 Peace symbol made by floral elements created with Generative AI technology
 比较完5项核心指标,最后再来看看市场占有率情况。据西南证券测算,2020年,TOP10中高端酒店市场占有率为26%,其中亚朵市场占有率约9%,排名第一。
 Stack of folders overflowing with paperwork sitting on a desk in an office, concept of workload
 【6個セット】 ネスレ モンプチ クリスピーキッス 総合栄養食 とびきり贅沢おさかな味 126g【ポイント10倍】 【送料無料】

---

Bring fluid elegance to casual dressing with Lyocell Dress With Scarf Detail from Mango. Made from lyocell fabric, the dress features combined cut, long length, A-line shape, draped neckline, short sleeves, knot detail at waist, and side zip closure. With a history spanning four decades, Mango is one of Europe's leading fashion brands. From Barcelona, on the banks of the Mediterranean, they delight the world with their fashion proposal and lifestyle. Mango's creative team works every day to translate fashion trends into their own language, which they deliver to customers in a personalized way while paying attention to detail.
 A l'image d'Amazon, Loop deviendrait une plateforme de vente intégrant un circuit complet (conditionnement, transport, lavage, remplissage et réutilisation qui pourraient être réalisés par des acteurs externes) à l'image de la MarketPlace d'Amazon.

DIRECTIONS: Transcribe the records above exactly, beginning at the line that contains "Bring fluid elegance" and ending with the line that contains "A l'image d'Amazon, Loop", both included, and nothing else.

RESPONSE BOX:
Bring fluid elegance to casual dressing with Lyocell Dress With Scarf Detail from Mango. Made from lyocell fabric, the dress features combined cut, long length, A-line shape, draped neckline, short sleeves, knot detail at waist, and side zip closure. With a history spanning four decades, Mango is one of Europe's leading fashion brands. From Barcelona, on the banks of the Mediterranean, they delight the world with their fashion proposal and lifestyle. Mango's creative team works every day to translate fashion trends into their own language, which they deliver to customers in a personalized way while paying attention to detail.
 A l'image d'Amazon, Loop deviendrait une plateforme de vente intégrant un circuit complet (conditionnement, transport, lavage, remplissage et réutilisation qui pourraient être réalisés par des acteurs externes) à l'image de la MarketPlace d'Amazon.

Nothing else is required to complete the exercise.